• WHAT TO DO
Nothing but the lines from the one containing "Federmappe perfekt als" to the final line of the entries should appear, copied exactly and without pictures.

◆ ◆ ◆

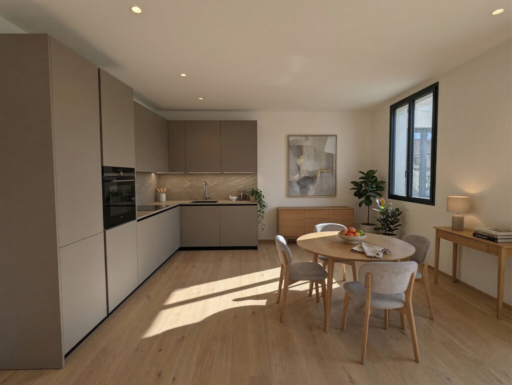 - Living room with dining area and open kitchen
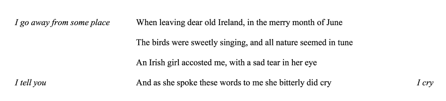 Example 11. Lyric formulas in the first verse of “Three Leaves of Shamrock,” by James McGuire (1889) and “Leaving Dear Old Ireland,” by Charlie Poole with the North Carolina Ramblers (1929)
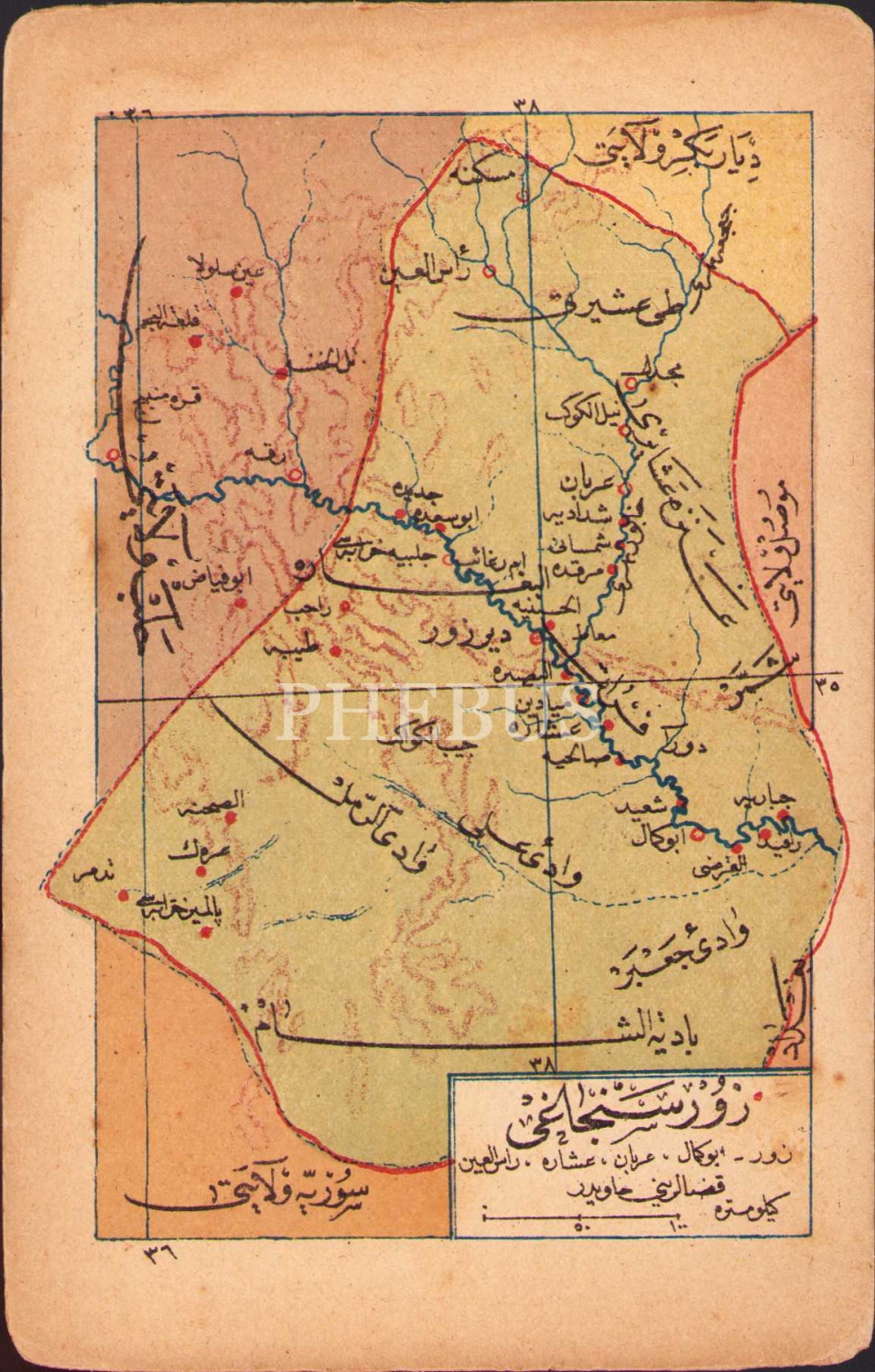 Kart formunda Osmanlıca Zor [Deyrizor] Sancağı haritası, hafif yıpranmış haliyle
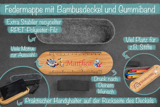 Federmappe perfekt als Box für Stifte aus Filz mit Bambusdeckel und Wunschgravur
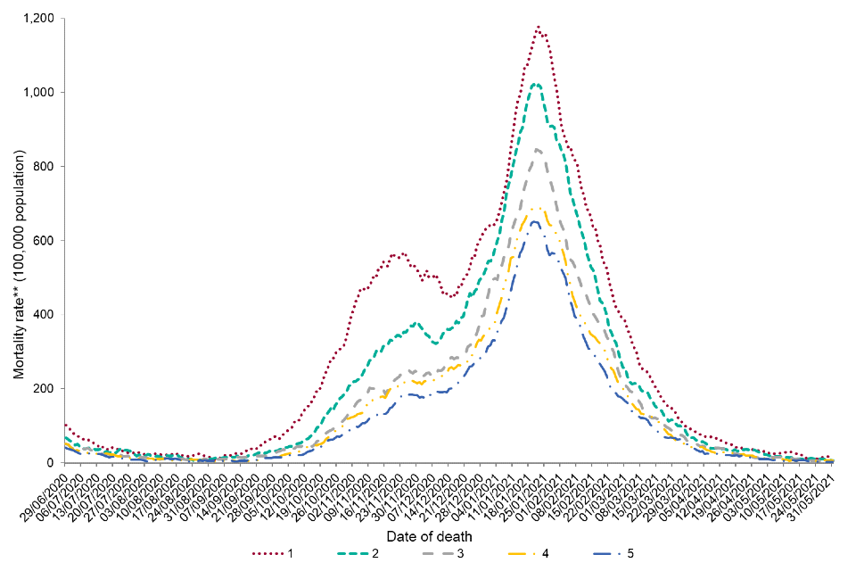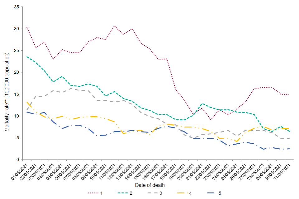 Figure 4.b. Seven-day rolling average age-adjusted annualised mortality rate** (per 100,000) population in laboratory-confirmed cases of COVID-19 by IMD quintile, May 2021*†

◆ ◆ ◆

• SOLUTION TO THIS TASK
 Federmappe perfekt als Box für Stifte aus Filz mit Bambusdeckel und Wunschgravur
 Figure 4.b. Seven-day rolling average age-adjusted annualised mortality rate** (per 100,000) population in laboratory-confirmed cases of COVID-19 by IMD quintile, May 2021*†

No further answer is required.